I asked it to write a script that would search for a specific string in footers in a massive series of DOCX files and change them according to some rules. The strings ended up being embedded in cells within an invisible table in the footers, the LLM realized this and switched strategy to a full deep traversal of the underlying XML. It correctly processed like 50 of these files in about 10 minutes, using libraries I wasn't aware of. I had spent an hour being annoyed before trying.
It was an "oh shit" moment for at least that category of work.

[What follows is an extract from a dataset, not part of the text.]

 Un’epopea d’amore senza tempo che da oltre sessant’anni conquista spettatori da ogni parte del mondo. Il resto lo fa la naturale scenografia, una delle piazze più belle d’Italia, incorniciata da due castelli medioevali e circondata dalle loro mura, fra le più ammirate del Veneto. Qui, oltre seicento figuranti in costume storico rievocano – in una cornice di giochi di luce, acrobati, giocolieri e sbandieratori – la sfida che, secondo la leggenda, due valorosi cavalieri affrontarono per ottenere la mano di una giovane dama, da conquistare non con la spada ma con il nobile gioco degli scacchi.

Until Claude Sonnet 4, it was Meh no big deal. 4 onwards and Opus was when I was really surprised by the ability. But nowadays, I'm more convinced than ever that using AI for all code is a mistake. The sum total of productivity, although hard to predict, from anecdata seems to be a net negative if AI is blindly used everywhere. Using it at the periphery, observing, debugging etc is excellent aid. I use it at the day job I hate and at personal tasks that I don't have time for. But for personal projects I love, zero.
Coding was never the blocker and was a natural enforcer of quality. Healthy teams with strong opinions on quality will win eventually. I'm more hopeful after the bubble burst, companies will come back slowly to sanity.

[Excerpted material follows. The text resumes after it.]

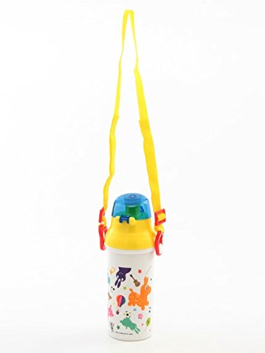ロディや音符、おもちゃをたくさん散りばめたプリントデザインがCute♪ボタンを押すだけのワンタッチで、手軽に開閉できる直飲みボトルです。暑さの厳しい時期、脱水&熱中症対策アイテムとしても重宝できる一品。肩掛けできるロングストラップ付きなのも好ポイントです。

I was trying to use Opus 4.6 in Claude Code to add some functionality to python code intended to run on a cluster and it didn't have any python environment in its remote environment. It needed to look at the schema of a parquet file to make sure it did things right and couldn't figure out how to do so with code because for god knows what reason there is no python environment in the dev environment for code intended to be run on a compute cluster in Python. Eventually it decided to just examine the raw binary bytes of the header, and then wrote perfectly functional code based on that.
On a different note I recently uploaded several thousand scraped IPO prospectuses to the gpt 5.4 mini API to parse and extract certain data. I ordered it in the system prompt to respond exactly with a specified JSON schema. When I got the results back and processed them there was not a single JSON parse error whatsoever. The model didn't have a single hallucination that created malformed JSON or JSON not matching the given schema across several hundred million input tokens and several million output tokens. And this was 5.4 Mini!
Nvidia GauGAN and deep-daze amused me immensely at the age of 14 or so. I've had "a man painting a completely red image" saved for a long time.
It is insane how primitive modern inpainting and txt2image make these two projects look.